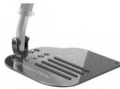
Angle adjustable Newton – carbon fiber with insert
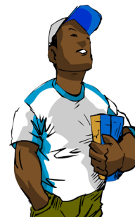
Dealing With Zeke
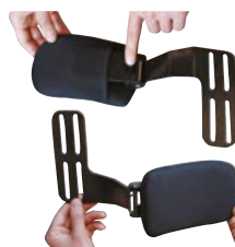
Offset Swing Away
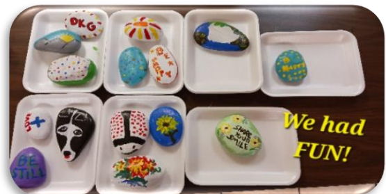
We had FUN!
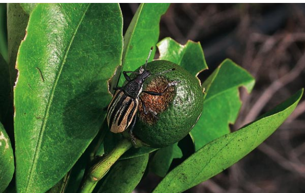
Figure 12. Citrus fruit feeding.
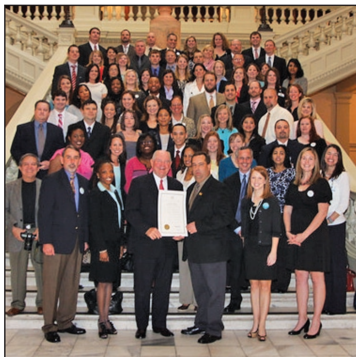
GANA representatives meet with the Governor during Capitol Day

* Work instruction
Could you transcribe every entry above exactly, leaving out the images?

* Response to the exercise
Angle adjustable Newton – carbon fiber with insert
Dealing With Zeke
Offset Swing Away
We had FUN!
Figure 12. Citrus fruit feeding.
GANA representatives meet with the Governor during Capitol Day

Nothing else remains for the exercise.